Doing good work at HRT means constantly learning and improving. As part of that ongoing education, many people at HRT follow academic research – whether to keep up with the latest developments in their field of study, or to keep abreast of developments that can be useful to our work. To share and discuss new research with each other, we host a biweekly Paper Survey Club, where HRTers (or external guest speakers) present what they are excited about to their peers. Sometimes, these are papers about quantitative finance (for example, derivative pricing theory or portfolio construction), but for members of the HRT AI Lab we are particularly interested in papers in the fields of machine learning, optimization, and optimal control.

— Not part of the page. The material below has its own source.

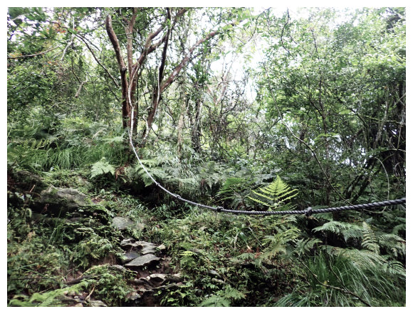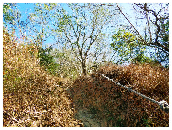 09:18 上到第三關的中途展望點,設有休息椅,(聽說天氣好的話,台灣海峽、小琉球嶼、柴山及高雄的85大樓、北大武山都可以看見,可惜今天有霧,祇好用想像的。)續上。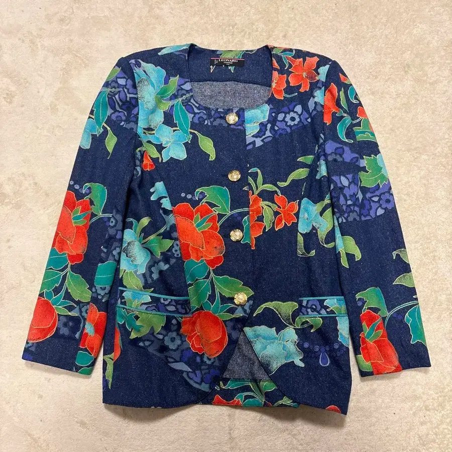 초레어 LEONARD 노카라 자켓 골드 버튼 꽃무늬 데님 9

Many AI practitioners follow the latest academic literature too. Indeed, we are often asked if a cycle of reading and applying the latest results is a big part of our work. In practice, it is rare for us to read a paper and immediately apply it to our problems. Some of the biggest papers in these fields in recent years have a strong emphasis on empirical results rather than theoretical, and the empirical results are never going to be obtained on the exact problems we try to solve at HRT – an incremental 0.1% improvement in the accuracy of a neural network’s ability to distinguish dog breeds might not translate to predicting the price of a stock. As a result, we tend to evaluate papers on slightly different dimensions than an academic conference reviewer might – namely simplicity, reproducibility, and generality.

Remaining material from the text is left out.